I haven’t done a What I Ate Wednesday in a while. Mainly, because I work all day Tuesday and then I realize it’s Wednesday and I have no pictures. Today, I managed to snap some shots of what I ate today. So, here goes!
After a sweaty cardio & upper body session at the gym (boy, am I back-logged on workouts to share with you guys!), I fueled with a smoothie bowl, per usual.
The mix included 1/2 a frozen banana, a large handful of Trader Joe’s frozen very berry cherry mix, almond milk, 1 scoop vanilla protein powder, spinach, and flax meal. It was super thick because I didn’t put any ice and went light on the milk. I topped it with some granola and indulged.
After a good 1.5 hours of studying, I was hungry again. I went right for the Chobani. I remembered a while ago, trying Barney Butter smooth almond butter whipped into plain Chobani, so I gave it a go again. It’s delicious! Especially topped with Pure Bliss Eats peanut butter chocolate granola (BLEND swag alert!).
Eventually, it was time to head to the grocery store. I was unable to stop at Trader Joe’s yesterday after work because it was later than expected and they were closed. Bummer. I had to pay more that 19 cents for my bananas.
I did my usual walk around the edges of the grocery store with my reusable bags and easy check-outer device thing that my grocery store offers.
I stocked up one some necessities, as well as some ingredients to make a quick dinner.
Stuff I hate spending money on:
- batteries (for smoke detectors)
- Cottonelle wipes (gotta stay stocked on those!)
- Tide Febreeze Sport
- campari tomatoes
- corn (frozen)
Canned & Dry
- Silk almond & coconut milks (I’ve been getting some crazy coupons lately for those.)
- black beans
- Skippy natural peanut butter
- Hershey’s special dark cocoa powder
- Kashi GoLean Cereal (was on sale, plus it has 10g fiber and 13g protein per serving, whaa!?)
I immediately started chopping away. First, the watermelon! I may have eaten more than what went into the Tupperware (not really, but you know).
Next, I got started on dinner.
Mexican Couscous Salad
(way more than one serving – I like to make big batches to have for a few days
- 1 can black beans
- 1 bag organic frozen sweet corn
- 8 campari tomatoes, diced
- 1/2 medium vidalia onion, diced
- 1/2 large cucumber, seeded & diced
- 1 large red pepper, diced
- lime juice, enough to coat veggies
- 3 T fresh cilantro, chopped
- cumin, didn’t measure, add it to your liking
- sea salt & pepper to taste
- optional: jalapeno, seeded and diced small
- 2/3 cup (dry measurement) whole wheat couscous, cooked
I cooked 2/3 cup (dry measurement) Bob’s Red Mill whole wheat couscous (Blend swag) on the stove. That’s all I had left in the bag, so that’s all I made!

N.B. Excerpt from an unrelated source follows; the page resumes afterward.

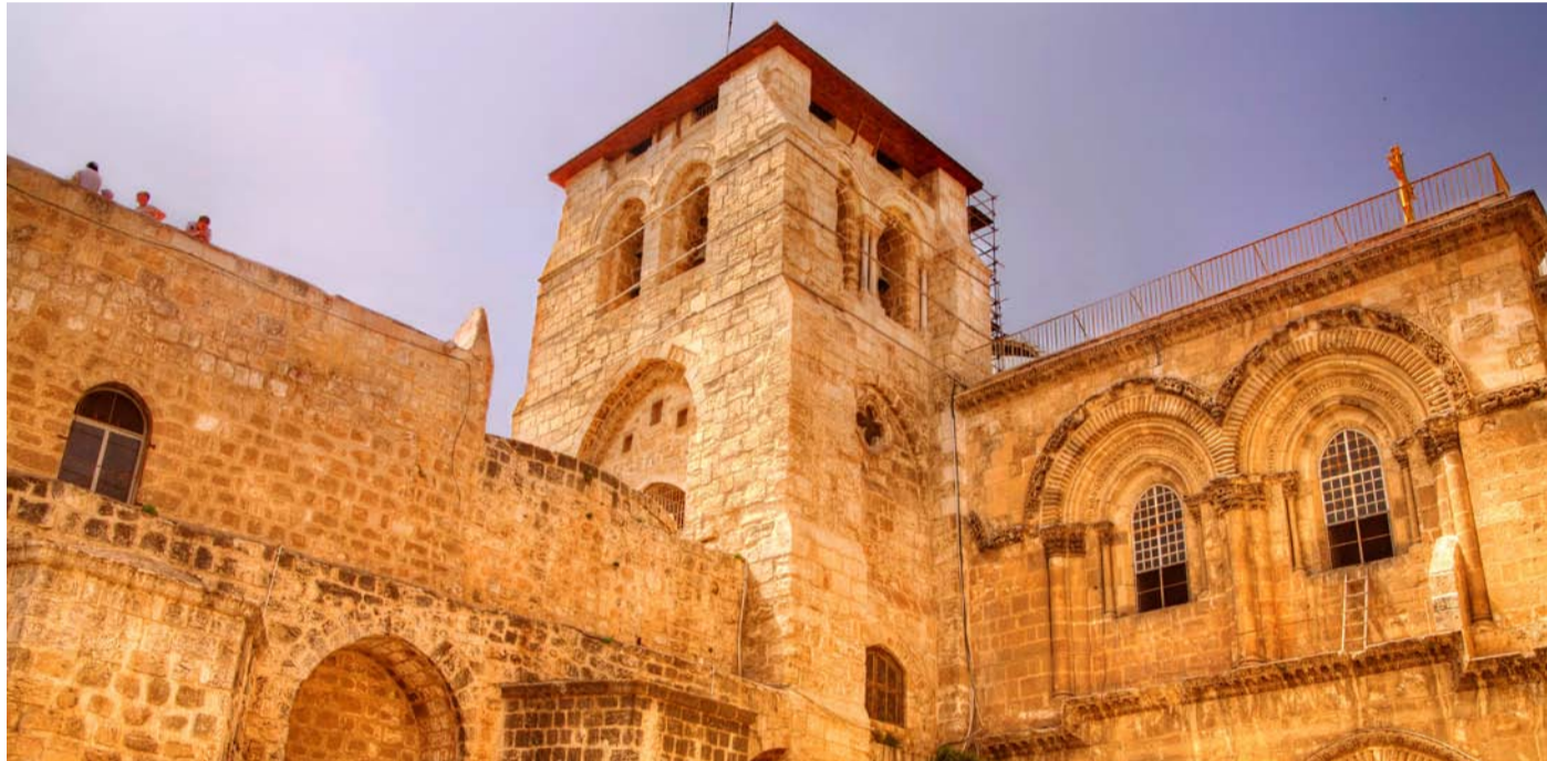
Iglesia del Santo Sepulcro (Jerusalén, Israel).

It ended up being just enough to mix into the veggies.
*I add diced avocado to each serving individually. If you add it to the mixture and store it in the fridge, the avocado is more likely to turn brown. I use what I need and store the rest of the avocado in an air tight container with the core.
There was pork loin (individually wrapped) in the freezer that I decided to defrost and grill. I spritzed it with olive oil and rubbed a mixture of cumin, paprika, chili powder, sea salt, and pepper on it.
I also ate a side of fresh cut watermelon.
Drizzled with lime juice….try it!
This dinner was probably the best I’ve made in a while. I have another pork loin defrosting for tomorrow & a lot of the mexican couscous salad left.
Now, I definitely need some type of snack or dessert! See you guys tomorrow morning with a fun giveaway!